> **WHAT TO WORK ON**:
Copy out exactly the lines from the one containing "Gyro med kebabkjøtt, fries og kebabsaus" to the last line of the records below, both included, and leave out any pictures.
____________
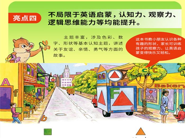 每册设有一个明确的学习小目标,每小套都是一个完整的英语启蒙体系;编排了操作性强的亲子阅读指导方案与有趣的小游戏,方便家长系统指导孩子学英语。
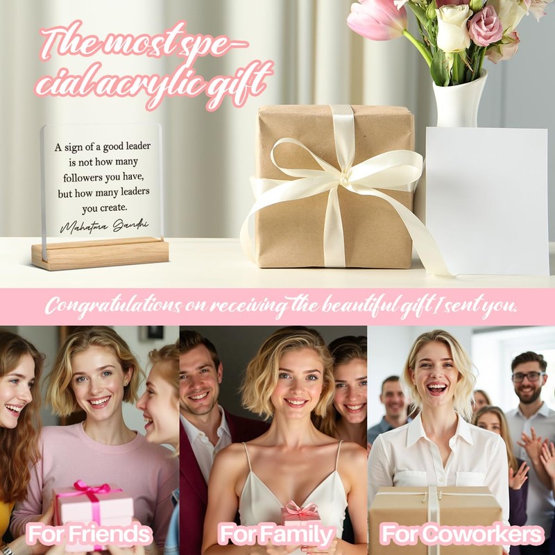 - Appropriate Size: You get a 4" x 4" acrylic Sign, a 4" x 1.5" x 0.8" wooden stand, and a gift box., perfect for desk accessory or put on shelf.
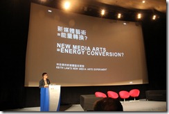 演讲的下一个环节是林欣杰带来的 “新媒体=能量转换” 的主题——“在艺术创作中,新概念的提出并非是唯一甚至不是最重要的决定因素”。当时的演讲语言为中文,而我正在查看接下来的其他演讲者,所以我错过了林欣杰的演讲的一些内容。
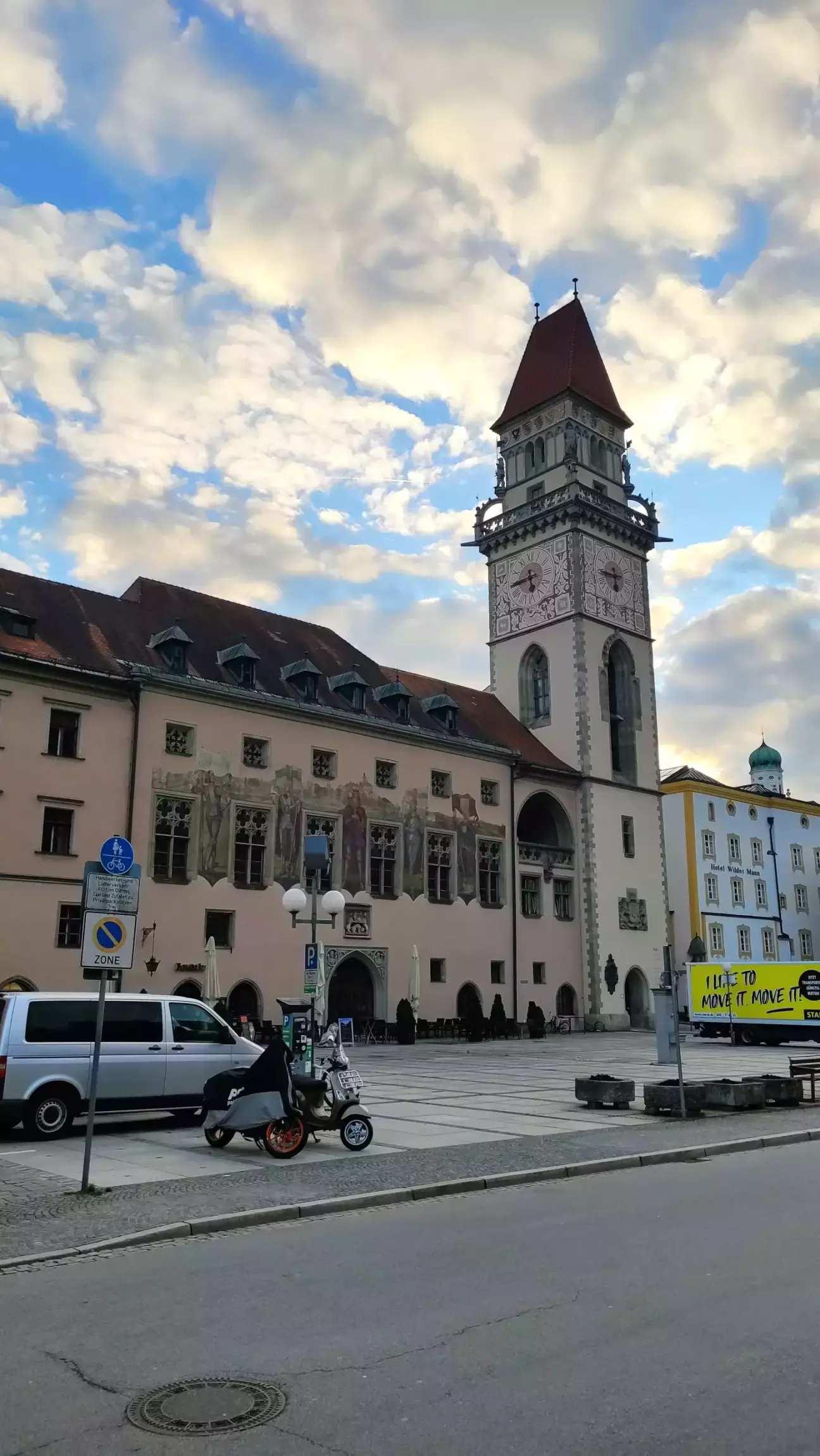 На березі Дунаю стоїть ратуша 14го ст. з 38-метровою вежею, яку було добудовано лише у 1890му р. На площі перед ратушею, у патриціанському будинку «Вільдер Манн», розташований Музей скла Пассау з експонатами всесвітньо відомого богемського скла. На схід від площі ратуші знаходиться головна митниця в неокласичному стилі, збудована між 1848 і 1851 рр. Фрідріхом фон Гертнером. Неподалік від ратуші знаходиться колишній єзуїтський костел св. Михаїла з прилеглим комплексом колишнього єзуїтського колегіуму, а ще трохи далі на околиці старого міста знаходиться колишній бенедиктинський монастир Нідернбурга.
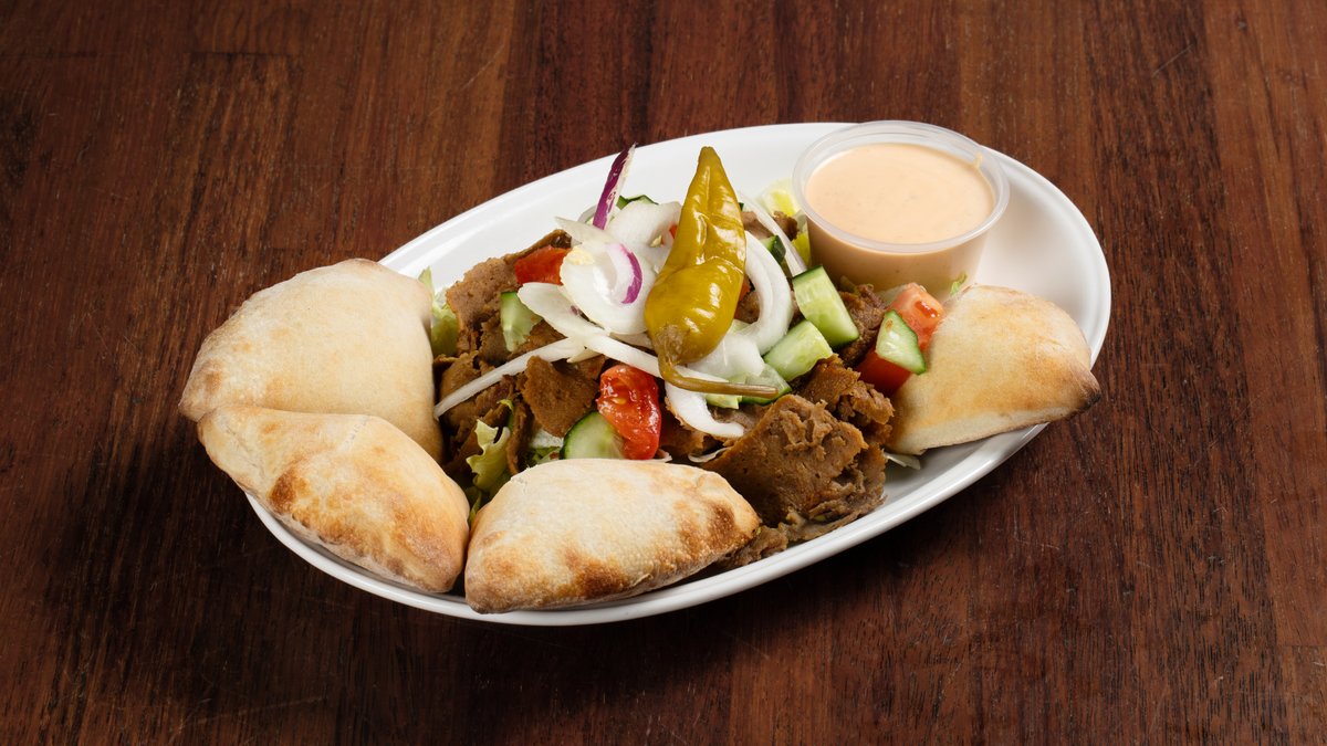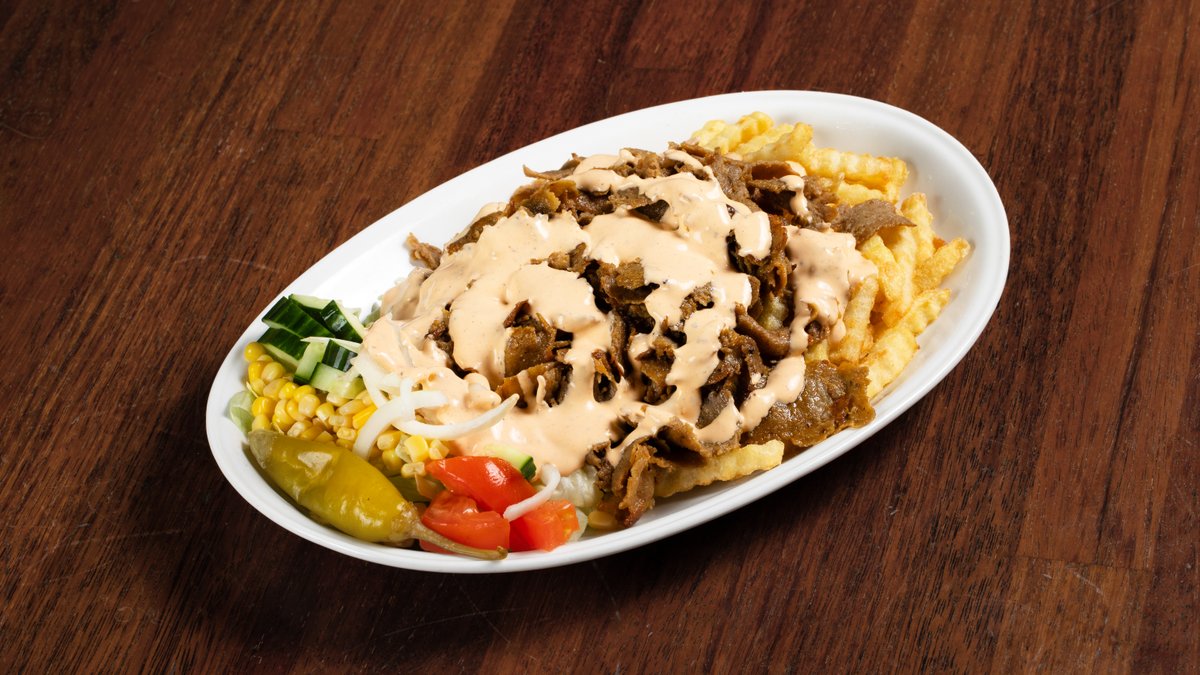 Gyro med kebabkjøtt, fries og kebabsaus
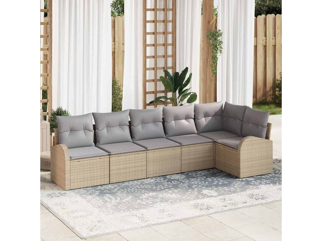 Set pohovek s polštářem 6 pcs béžová a světle šedá polyratan 3354729
____________
> **WORKED SOLUTION**:
 Gyro med kebabkjøtt, fries og kebabsaus
 Set pohovek s polštářem 6 pcs béžová a světle šedá polyratan 3354729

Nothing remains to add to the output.